2/15/06

Twenty Thousand Leagues Under the Sea

Twenty Thousand Leagues is great fun, easily the best live-action Disney ever made.

Kirk Douglas made for an enjoyable Ned Lands, where he plays himself--athletic straight shooter, no pretensions; Peter Lorre has the Sancho Panza role, and he makes of it what he can, giving us beleagured common sense caught between Lands' lowbrow slapstick and the professor's fine ideals. He even persuades us that there's a real friendship growing between his character and Lands--that bit of business where Lands sweeps his hair back with one hand and Lorre has to slick it back down, I wonder who came up with it, was it in the script or did either Douglas or Lorre improvise?
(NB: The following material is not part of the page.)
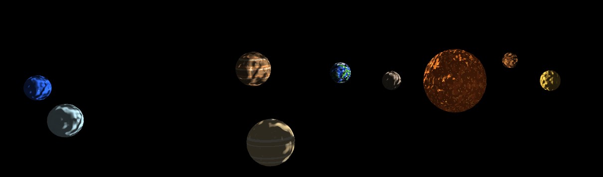 By Shabornee Saha→A realistic solar system simulation using OpenGL shaders with dynamic textures, individual rotations, and lighting effects. Features the Sun and 8 planets with unique visual characteristics orbiting around the Sun and individual planet rotation.

James Mason gives the film what tragic depth it has, of course; his brooding Nemo is both idealist and cynic, and he deftly suggests either one or the other with every other line of dialogue, and you don't blink, you buy the contradiction. I think it helps that Mason gives every line the same weight and emphasis, the same measured, immaculate delivery, suggesting he believes in the potential of man exploring and understanding nature the same time he believes in his insiduous nature (what's really needed is someone equally compelling to point out to Nemo that man is part of nature, and as such he should make the effort to pull himself together).

Wonderful performances, but really the star of the show is the production design. Fleischer has a rearview window that at times acts like a film screen, showing us, say, the drama of Lands and his friends being towed into the sea to drown; even better is the giant iris that opens up like a movie camera's to present the wonders of the ocean--it's Disney's fascination with nature speaking, showing us what we could see if we only open our eyes, and I think an emblematic image of the magical possibilities the ocean holds for us.

If the design is the real star, then the Nautilus is its greatest triumph, part giant iron-scaled fish, part steampunk techonology (not from Verne's point of view, of course, but definitely from the filmmakers') come to humming life, and all cinema magic; what makes the vessel so memorable is that eerie green glow it gives off; it reminds you of the luminescence you see when huge creatures stir the ocean depths.

That huge squid was impressive, even if it did move backwards (couldn't they tell just from the way the creature was designed?).